Suggested New Year’s resolution: Live YOUR life
January 1st, 2010 by Alan
“The days come and go like muffled and veiled figures sent from a distant party, but they say nothing, and if we do not use the gifts they bring, they carry them as silently away.”
Ralph Waldo Emerson
“Forever is composed of nows.”
Emily Dickinson
“THINK.”
Traditional IBM motto
This year, for third time in memory, I had no trouble mentally switching calendar years. I haven’t mis-dated a single check.
This is a good sign: the mind is still sharp. And also not so good: a sign of heightened awareness of time passing, of the fourth quarter of my life ticking away.
I’ve become very choosy about how I spend my time. A lot of people like to spend tons of time in transit, seeing the necessary 1,000 places before they die. Good for them, but it’s not me. As Ram Dass says, wherever you go, there you are.
Let the travelers travel! I’m convinced that if you live YOUR life, you’ll have a lot less fear of death. Perhaps you’ve lived other people’s versions of your life – out of a desire to please…or because you didn’t have a clue…or because you were subjected to relentless programming and had little or no choice.
If so, the not-thinking can be an easier path, but (i) it can be very difficult to maintain; and (ii) especially on the subjects of death, the soul and the afterlife, you’ve got to not-think until the very moment the lights go out. Any last-minute doubts…and death will be much more frightening than to the practiced nonbeliever.
Other escapes
Religion is by no means the only escape. Corporations and organizations of all kinds, especially political and military ones, are ready with answers to life’s questions – or ways to use up YOUR precious hours and days — in exchange for unthinking loyalty.
Some people at one company I worked at…actually spent the majority of their waking hours trying to get people to eat more Jell-O. Others spend their waking lives getting folks to drink more Crystal Lite. There are people like that, each devoting his/her life to one of the countless consumer products you can name. That’s capitalism.
In a far more serious vein, my heart weeps when I see American soldiers, so dedicated to – and suffering so horribly because of — the “mission” made up by vain, gutless politicians who couldn’t find time to serve. I also mourn the young men and women committing suicide and murder in the name of some psychotic dream.
In these cases, I do make value judgments: what a waste. A great line from one of my correspondents: Violence doesn’t decide who’s right – only who’s left.
How are you going to look back on your life? The answer lies in how authentically you live each day. We’ve all heard the joke about how one never wishes, on one’s deathbed, that one had spent more time at the office.
Your life
Your life is yours alone to live. It’s the only one you’ll ever have. Same for your fellow human beings.
We must choose. Passivity is a choice. Religious zealotry and competitive eating are also choices about how to spend your life. But the main thing is: You don’t want to get to middle age and realize it’s all been done according to someone else’s plan, and you just went along.

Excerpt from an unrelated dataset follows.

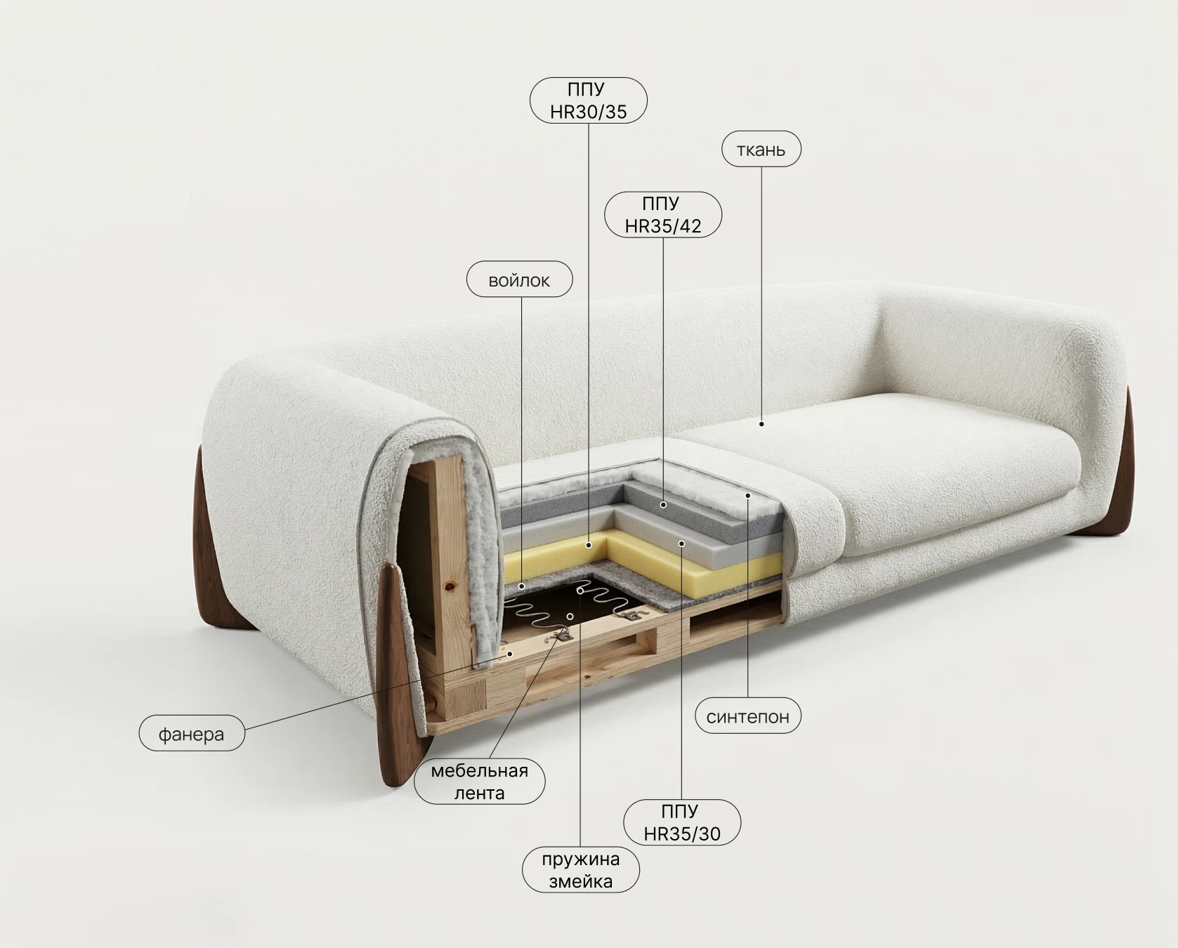 Все наши ткани проходят тест Мартиндейла (50 000+ циклов) — гарантия долговечности. Вы можете выбрать любые ткани из огромного ассортимента, исходя из ваших потребностей и предпочтений

Everyone, as the Dalai Lama says, must find his/her own answers. Unlike politicians and clerics, I would never pretend to tell anyone how to live. I’m a Secular Humanist and a libertarian. I don’t believe Jesus existed, but I am on the side of Christians who want to home-school their kids; they should have the freedom to do so.

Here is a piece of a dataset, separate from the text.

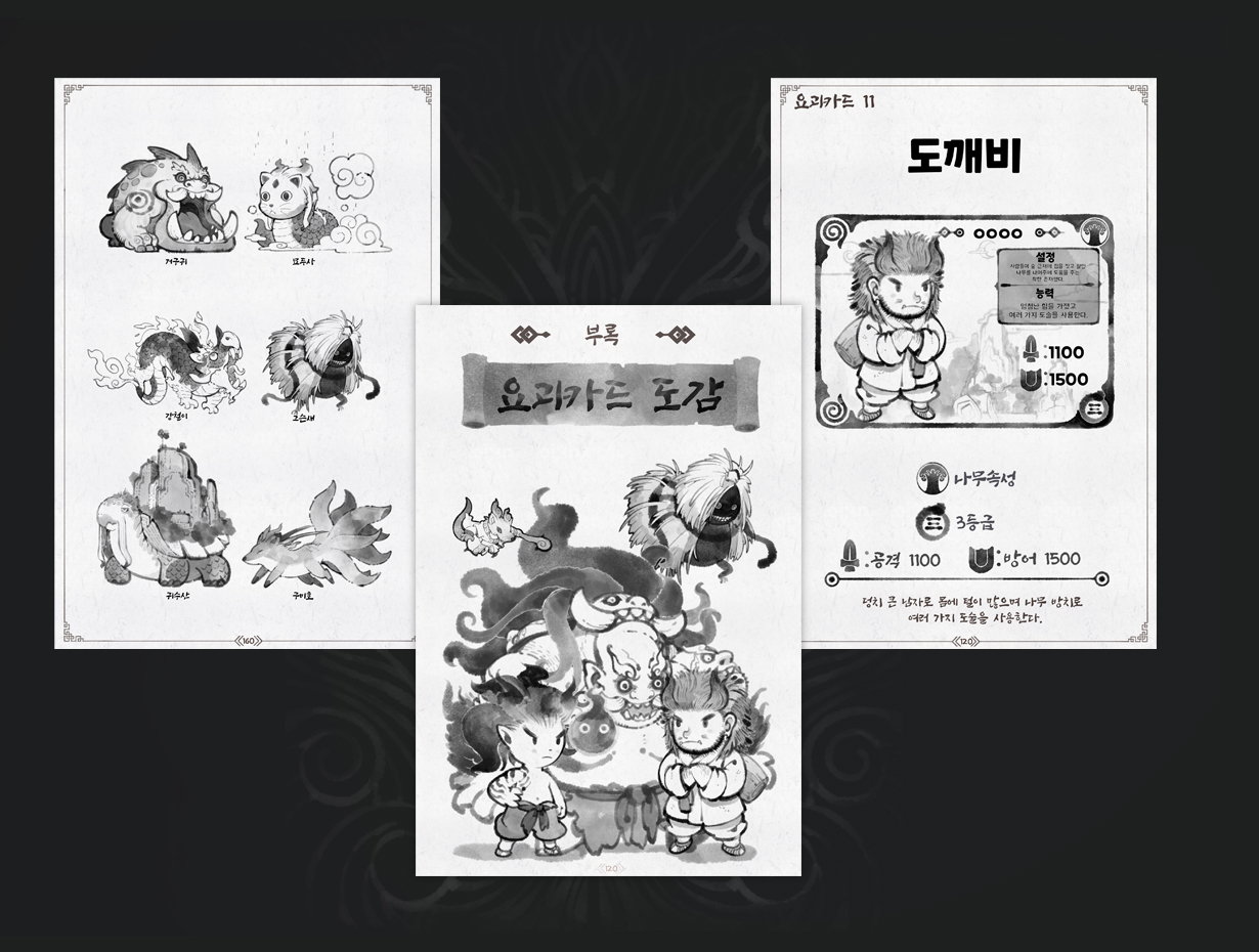 한국의 요괴는 한국에 전해져 내려오는 요괴들을 디테일한 스케치와 수묵화 기법을 같이 표현하여 그려낸 도감책입니다.

Similarly, Americans should also have the right to keep their kids out of the public school system, so that they’re not taught by government employees, not indoctrinated in the publicly approved versions of religion and American history.
Can’t we all just get along, live and let live in ’10 and beyond? Didn’t Jesus and Mohammed want that? If they wanted people to kill in their names, then they were evil and psychotic and should be rejected. The same goes for the people who commit horrible acts of religious violence.

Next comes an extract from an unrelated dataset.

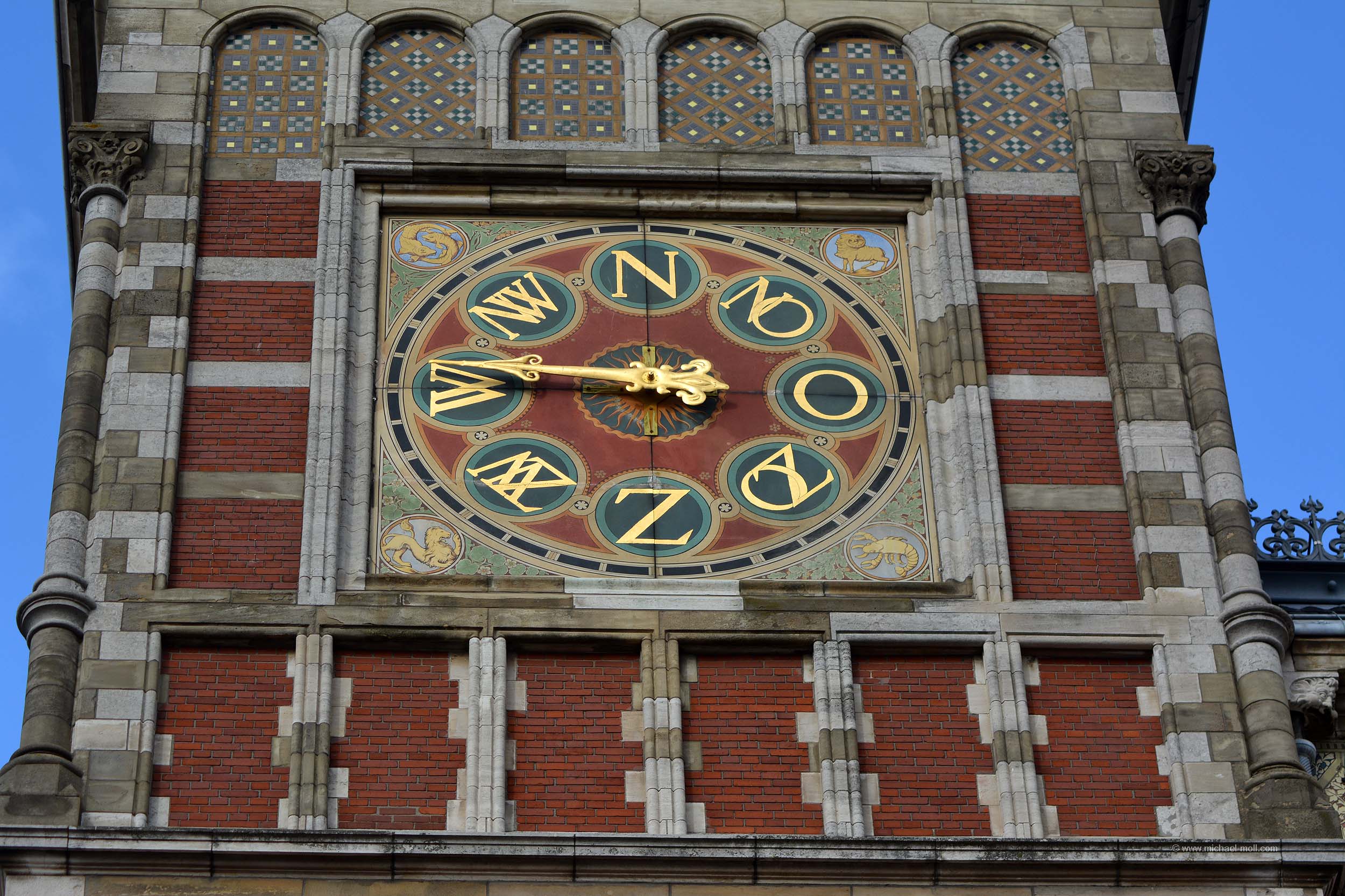 Beim Blick auf die beiden Türme am Amsterdamer Bahnhof fand ich es ganz drollig, dass an dem rechten Turm eine gewöhnliche Uhr zu sehen ist, während die linke Uhr die Richtung anzeigt, aus der der Wind bläst. Sieht im ersten Augenblick auch wie eine Uhr aus, ist aber keine. Apropos Wind. Ja, es war noch immer sehr windig und dementsprechend auch kühl, aber wenigstens gab es an diesem Nachmittag keinen Niederschlag.

Humanity can do better. Let’s all try to do better in ’10. Somebody pass this post on to a fundamentalist Islamic website.
I’m just suggesting, as a New Year’s resolution, something like “Since this year is the only 2010 I will ever have, I resolve to be aware of how much of each precious day is spent living according to someone else’s plan, someone else’s reality, someone else’s values, and how much of it is devoted to mine.” (This isn’t a plea for selfishness, but for integrity; your values should, of course, include service to others.)
That’s just the basic, generic version. You can rewrite to suit your circumstances. If you don’t yet know who you are or what you think, this year would be a great time to work on figuring it out. It’s a long process.
Tempus fugit! Carpe diem!
____________________
Alan M. Perlman is a secular humanist speaker and author — most recently, of An Atheist Reads the Torah: Secular Humanistic Perspectives on the Five Books of Moses. For information, go to www.trafford.com/06-0056. He is the founder of Positive Humanists International/PHI©.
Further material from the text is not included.